Return, exactly and with nothing added, the line with "an old castle" together with all lines after it through the end of the data below. No pictures belong in the copy.
SOURCE MATERIAL Start Marker
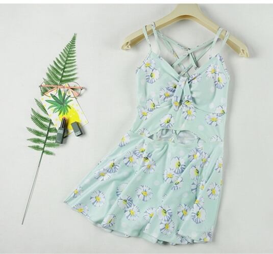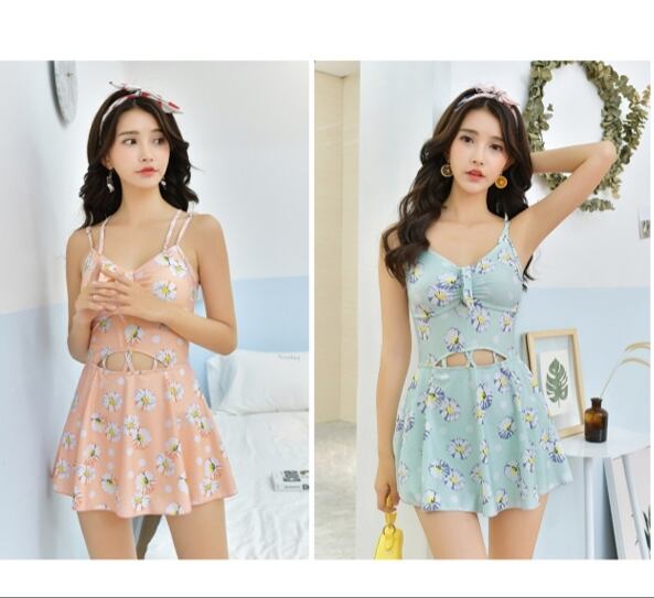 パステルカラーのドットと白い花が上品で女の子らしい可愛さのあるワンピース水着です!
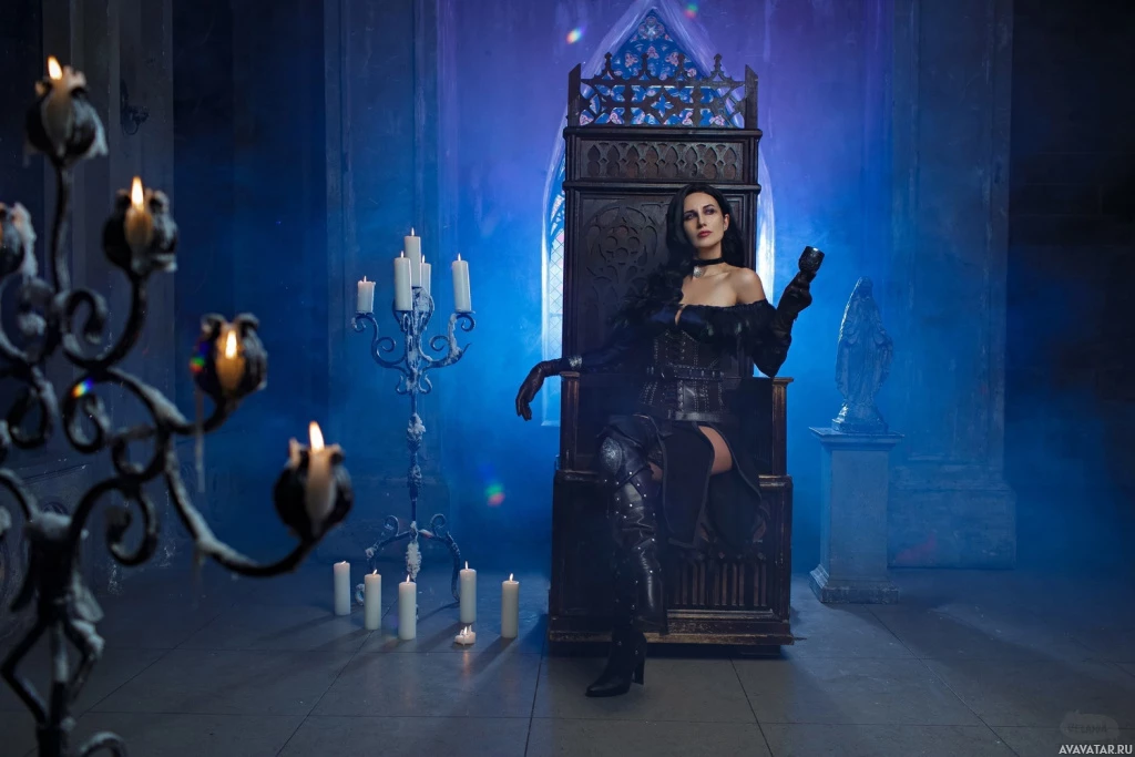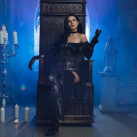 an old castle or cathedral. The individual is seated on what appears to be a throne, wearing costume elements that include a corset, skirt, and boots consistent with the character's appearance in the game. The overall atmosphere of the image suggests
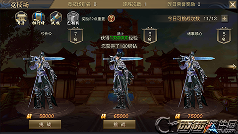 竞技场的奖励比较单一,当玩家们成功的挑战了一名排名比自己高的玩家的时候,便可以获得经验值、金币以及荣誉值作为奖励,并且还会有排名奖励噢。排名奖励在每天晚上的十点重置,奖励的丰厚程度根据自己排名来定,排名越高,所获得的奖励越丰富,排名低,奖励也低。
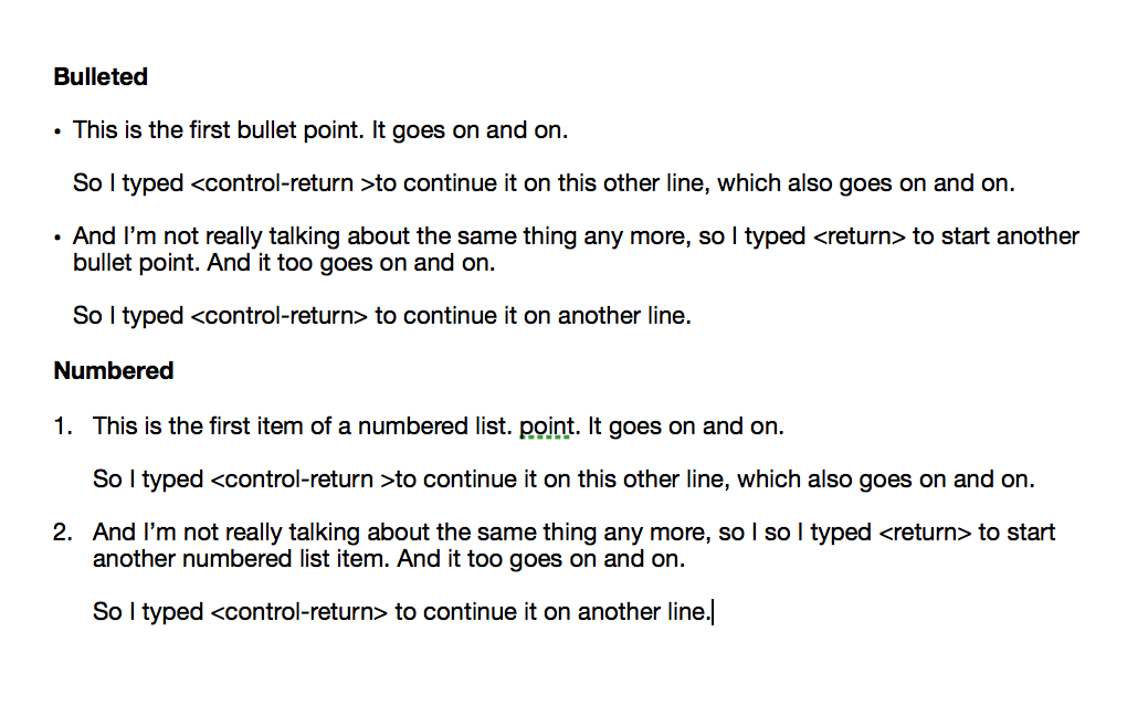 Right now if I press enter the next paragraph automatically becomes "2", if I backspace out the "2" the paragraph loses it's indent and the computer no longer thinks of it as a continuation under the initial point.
SOURCE MATERIAL End Marker
__EXERCISE SOLUTION__:
 an old castle or cathedral. The individual is seated on what appears to be a throne, wearing costume elements that include a corset, skirt, and boots consistent with the character's appearance in the game. The overall atmosphere of the image suggests
 竞技场的奖励比较单一,当玩家们成功的挑战了一名排名比自己高的玩家的时候,便可以获得经验值、金币以及荣誉值作为奖励,并且还会有排名奖励噢。排名奖励在每天晚上的十点重置,奖励的丰厚程度根据自己排名来定,排名越高,所获得的奖励越丰富,排名低,奖励也低。
 Right now if I press enter the next paragraph automatically becomes "2", if I backspace out the "2" the paragraph loses it's indent and the computer no longer thinks of it as a continuation under the initial point.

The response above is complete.